There has been some discussion on the WG1/WG2 lists about keywords. Here, for
what it's worth, is my 2 cents' worth.
The question arose about whether keywords ought to be supported in `Thing1' and/or `Thing2'. I personally think keywords are a good thing, and have felt thus since I wrote 1401 Autocoder code back in the previous millennium. Properly used, they can make code much more readable. They aren't essential, though, and therefore have no place in Thing1.
Some well-known Scheme systems support keywords as a datatype, and others don't. Some Schemes that support keywords have Common-Lispish OPTIONAL and
KEYWORD arguments.
There is a simple way out of this mess. For Thing1, you write 'foo:, which is a symbol, i.e., (symbol? 'foo:) => #t. For Thing2, (symbol? 'foo:) still evals to #t, but there is a new predicate: (keyword? 'foo:) also evals to #t, while (keyword? 'bar) => #f.
Thus in this proposal, `keyword' and `symbol' are not different datatypes, but rather being a keyword or not is an attribute of any symbol.

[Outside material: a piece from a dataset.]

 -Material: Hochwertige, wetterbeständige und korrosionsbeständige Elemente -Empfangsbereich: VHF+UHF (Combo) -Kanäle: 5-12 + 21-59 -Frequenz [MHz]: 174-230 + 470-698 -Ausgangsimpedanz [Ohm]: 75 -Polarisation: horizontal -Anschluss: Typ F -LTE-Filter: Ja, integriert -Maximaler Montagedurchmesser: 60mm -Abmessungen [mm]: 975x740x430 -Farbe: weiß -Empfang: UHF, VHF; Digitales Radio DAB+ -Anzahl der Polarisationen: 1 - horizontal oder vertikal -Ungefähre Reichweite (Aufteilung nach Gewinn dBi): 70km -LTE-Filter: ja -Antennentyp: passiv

An inefficient implementation of keyword? could even parse the result of symbol->string, looking for wherever the colon was supposed to be.

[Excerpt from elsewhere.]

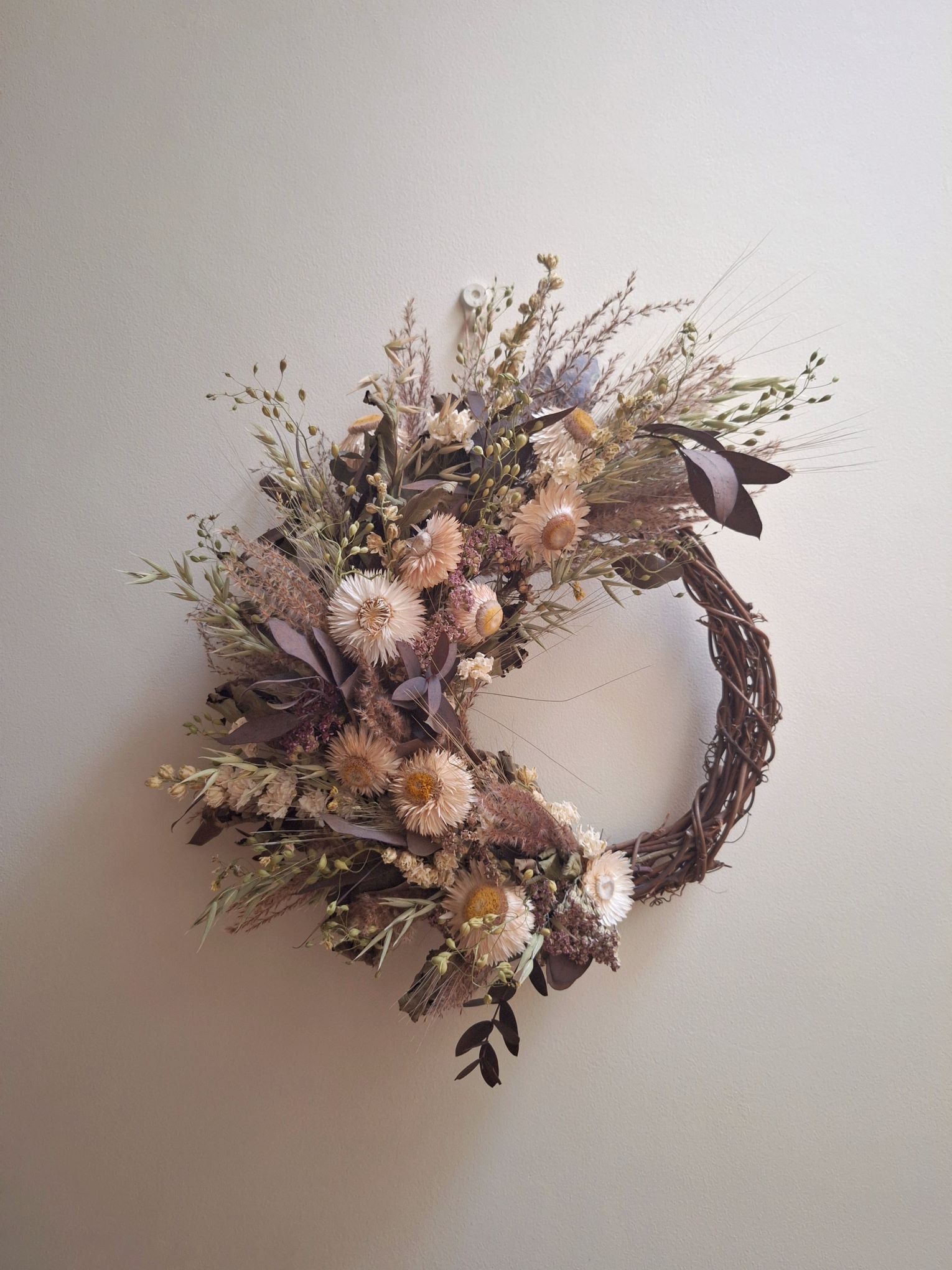 A natural vine base 25cm in diameter decorated with a selection of flowers, foliage and grasses grown on our farm. Includes our preserved Eucalyptus, Helichrysums, larkspur and Miscanthus. It is 35cm at it’s widest and suitable for indoor use only.

This allows Thing2 programs to be a bit more careful in checking keyword arguments, while still not breaking ANY valid Thing1 programs. (Thing2 can choose to allow keywords to be self-evaluating, but I am aggressively of no opinion on the merits of doing so; even so, self-evaluation would still not break any valid Thing1 program.)

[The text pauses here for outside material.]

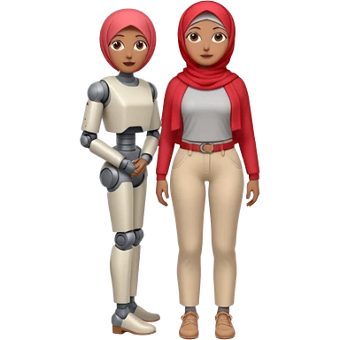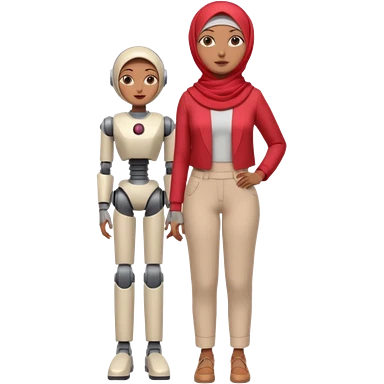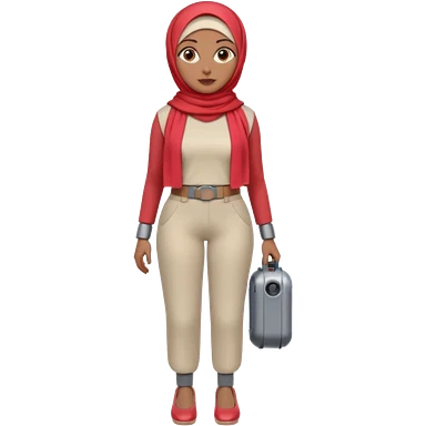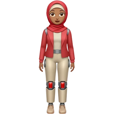 Heavy-set woman with medium-brown skin wearing a light red hijab, cream top, light red pants, tan shoes, and a grey robot leg. Standing confidently with one hand on her hip emoji

I would vote *AGAINST* OPTIONAL and KEYWORD lambda syntax, in my experience, there are too many nasty corner cases to handle there, and often the interactions between these are too surprising. In other words, everything I want can be achieved by adding a keyword? primitive. The merits of including keywords in WG2 amount to a more efficient implementation, and standardization, which might help some library APIs.
As for whether it should be 'foo: or ':foo or some other read/print syntax, I don't care.